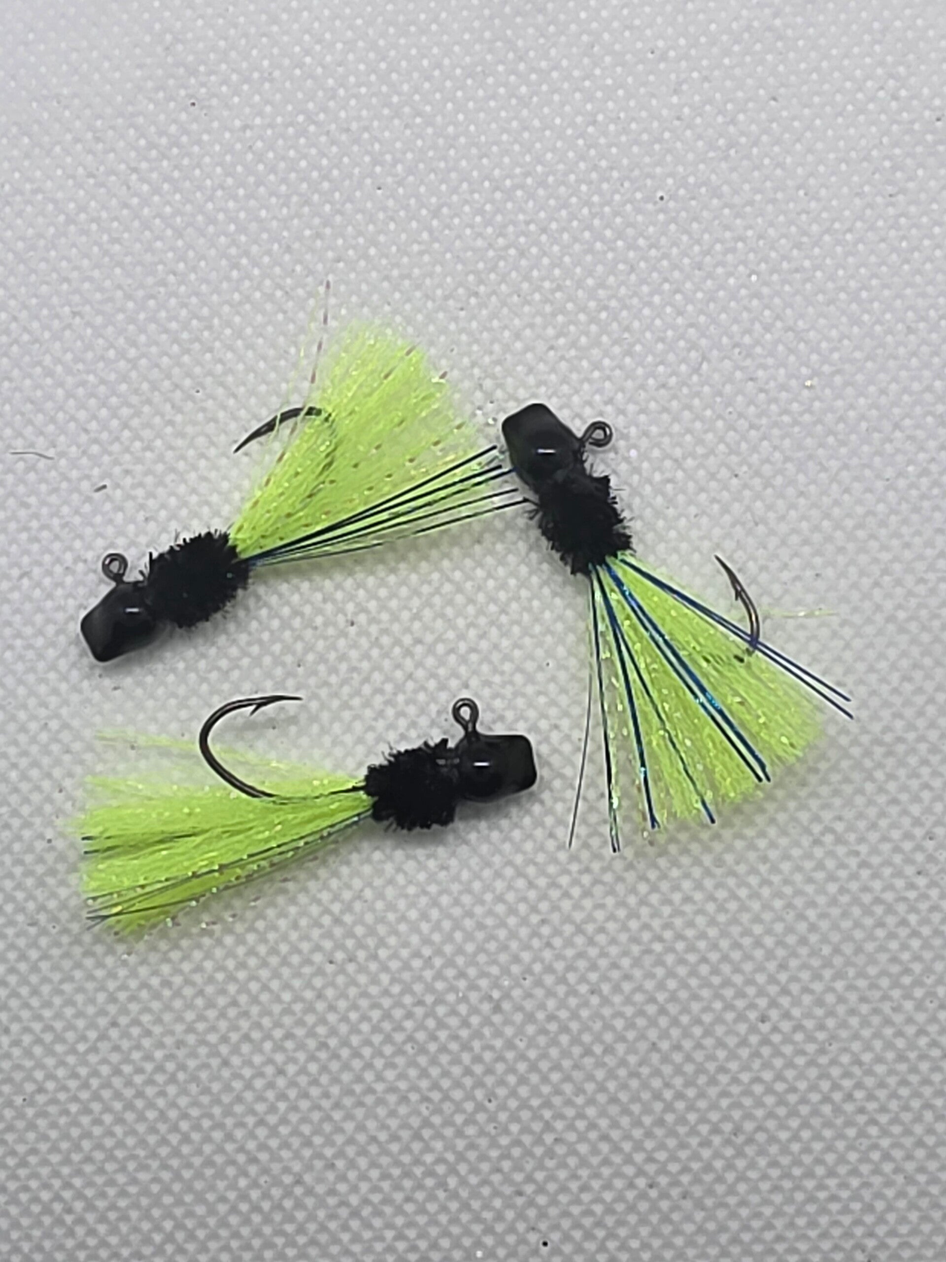 Black head with Artic Black chenille chartreuse synthetic tail peral twisted flash and Blue Ice fla
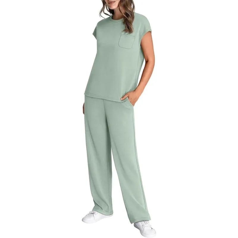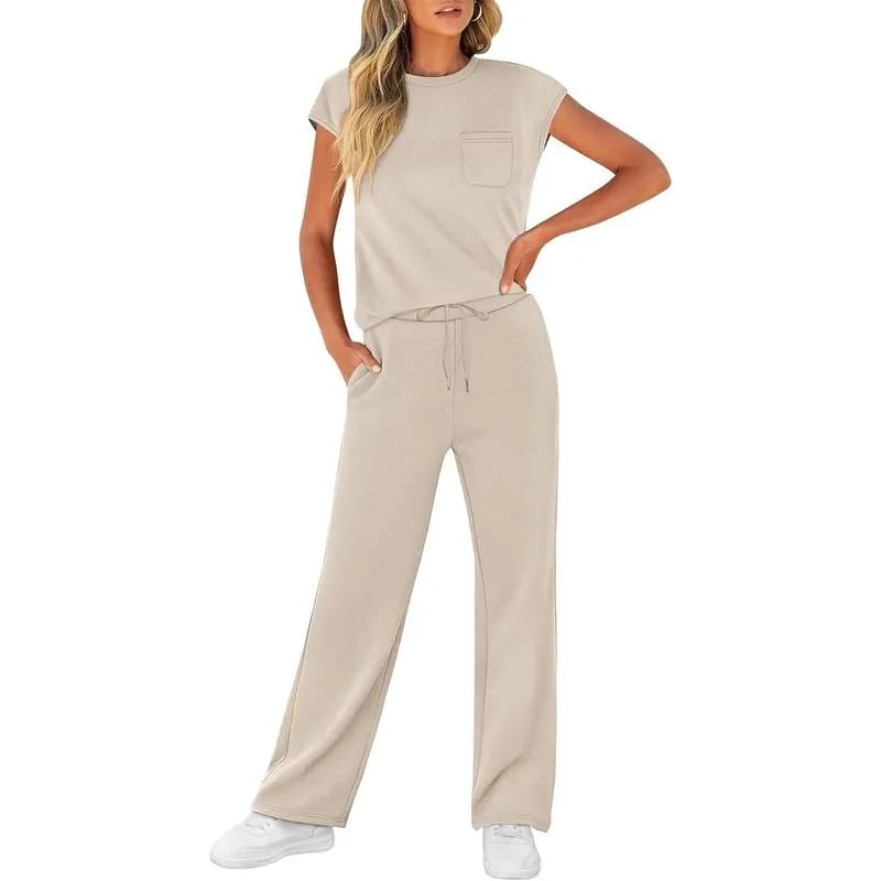 • Design: 2-Piece Set with Cap Sleeve Top and Wide Leg Pants.
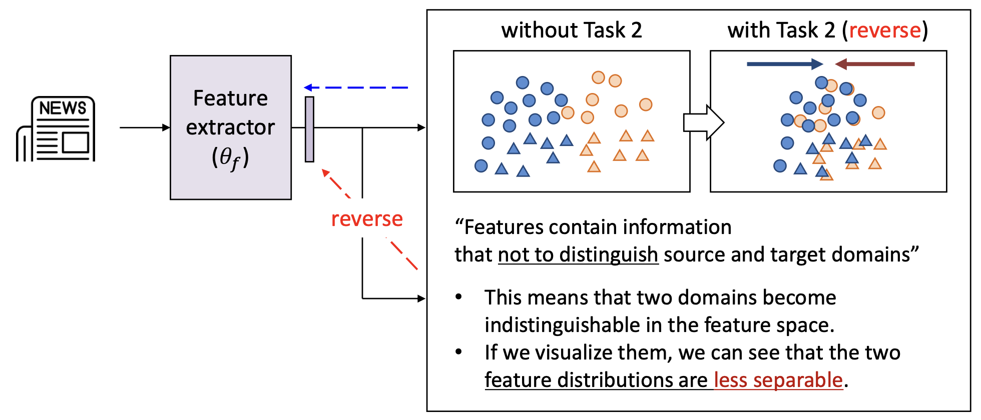 빠르게 무의미해진다(useless). - 이때 도메인 분류기는 특징 추출기에 유의미한 그래디언트를 전달하지 못한다.
┄┄┄┄┄┄┄┄┄┄┄┄┄┄┄┄┄┄┄┄
Task objective >>
Nothing but the pictures is to be left out; the rest of the listing should be copied exactly.

Result below >>
 Black head with Artic Black chenille chartreuse synthetic tail peral twisted flash and Blue Ice fla
 • Design: 2-Piece Set with Cap Sleeve Top and Wide Leg Pants.
 빠르게 무의미해진다(useless). - 이때 도메인 분류기는 특징 추출기에 유의미한 그래디언트를 전달하지 못한다.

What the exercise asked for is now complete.